Artinya rupiah sudah melemah 0,22% dari penutupan pada akhir pekan lalu di level Rp 14.410 per dolar AS.
Rupiah hari ini sendiri diperkirakan berpotensi melemah. Analis Monex Investindo Futures Faisyal menjelaskan, ada kemungkinan dolar AS masih melanjutkan penguatan walaupun relatif terbatas. Sentimen soal pergerakan yield US Treasury masih akan jadi katalis utama.

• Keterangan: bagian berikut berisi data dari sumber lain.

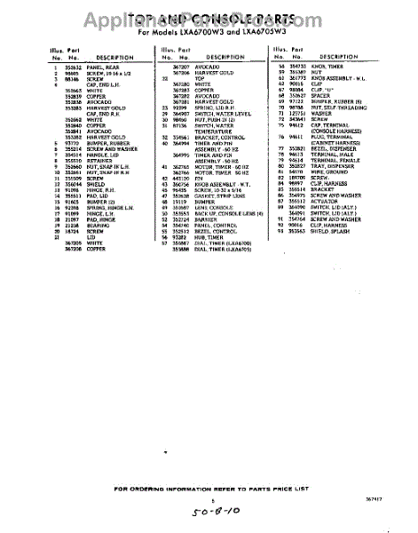 Parts for Whirlpool LXA6705W3: 05 - Section Parts
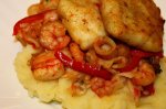 Pestele se condimenteaza cu sare, piper si putin ulei de masline. Ceapa se taie felii subtiri, ardelul la fel, iar usturoiul marunt. Calamarii se taie si ei in fasii, iar surimi in cuburi. Amestecam fructele de mare cu ceapa, usturoiul, ardelul, pasta de rosii, boiaua, sare, piper si 3-4...
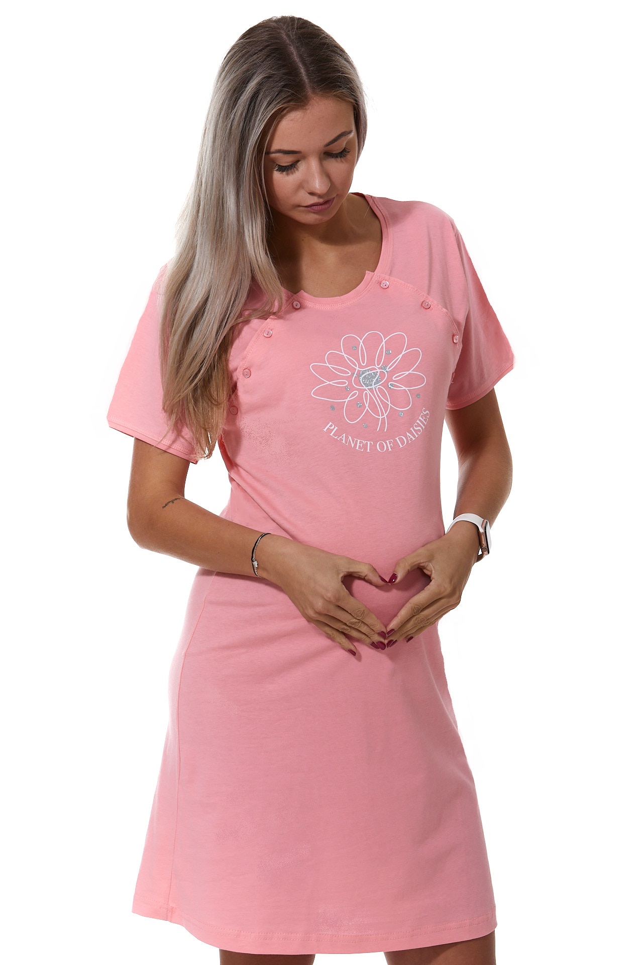 Kojící košilka má dvojité propínaní na kojení miminka a zdobí ji krásný květ
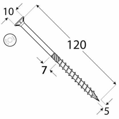 Wood screw CS 5×120 TX25 (100 pcs.pack)
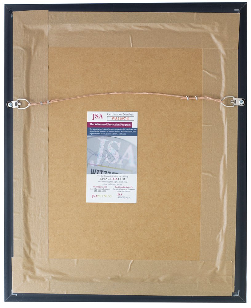 Featured is a Joe Elliott signed framed 8x10 Def Leppard photo. This photo was hand signed by Joe Elliott and authenticated by JSA authentication services. Included with the photo is a JSA hologram and certificate of authentication. Brand new professional framing featuring double matting and engraved nameplate. The frame measures approximately 11x14 in total size, and it is ready for display. This item would make a great addition to any sports memorabilia collection..
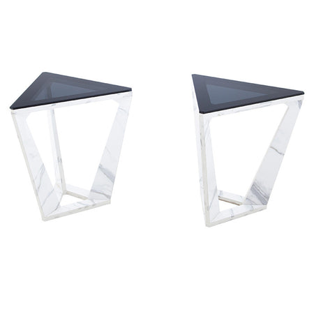 Pair of Italian Modern triangular side tables. Marble and glass.
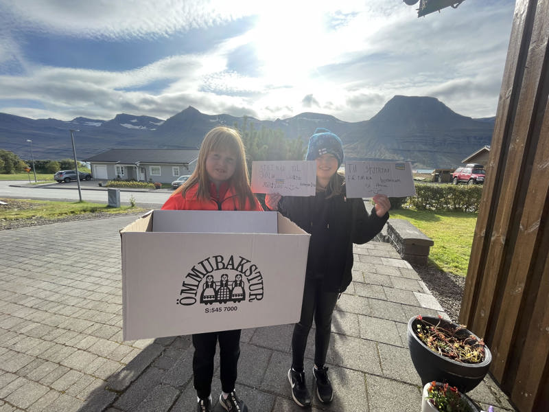 Þessar vinkonur, Iðunn Elísa og Sóley Nikíta, söfnuðu fyrir Úkraínu og fátæk börn með steinasölu á Reyðarfirði um helgina. Þær söfnuðu samtals 13.348 kr. sem þær lögðu inn á Rauða krossinn á mánudag.
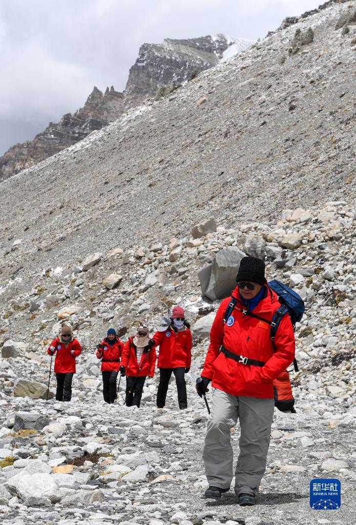 中国科学院院士、北京大学环境科学与工程学院院长朱彤(右一)和科研人员在珠峰登山大本营和绒布冰川间徒步穿梭(5月1日摄)。新华社记者 姜帆 摄
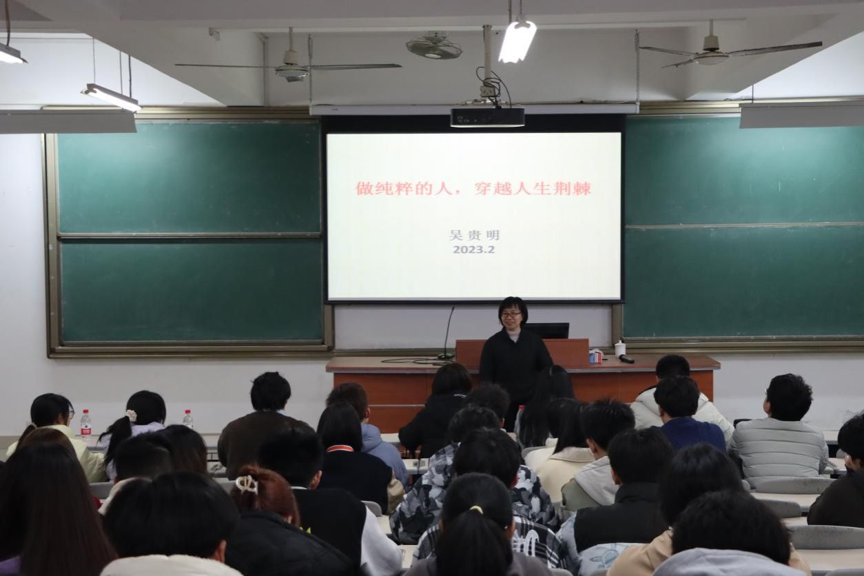 2月22日晚上,福建省委党校吴贵明教授应邀到beat365作“做纯粹的人,穿越人生荆棘”专题讲座。beat365亚洲版官方网站部分教师、校习近平新时代中国特色社会主义思想读书社社员等共120多人参加学习。

“Tapi pasar juga akan menantikan seperti apa hasil pertemuan AS dengan China, apakah hasilnya membaik atau tidak. Jika membaik, ini bisa menjadi sentimen positif untuk aset berisiko,” jelas Faisyal dilansir dari Kontan.co.id, Senin (22/3/2021).
Tak hanya itu, Faisyal menyebut pasar juga akan melihat perkembangan dari penggunaan vaksin AstraZeneca yang sempat dihentikan penggunaannya seiring timbulnya efek samping. Kabar yang beredar, Jerman sudah mengizinkan untuk digunakan lagi.
Faisyal pun memperkirakan, pada perdagangan Senin, rupiah akan bergerak pada kisaran Rp 14.400 – Rp 14.500 per dolar AS. (FA/SI).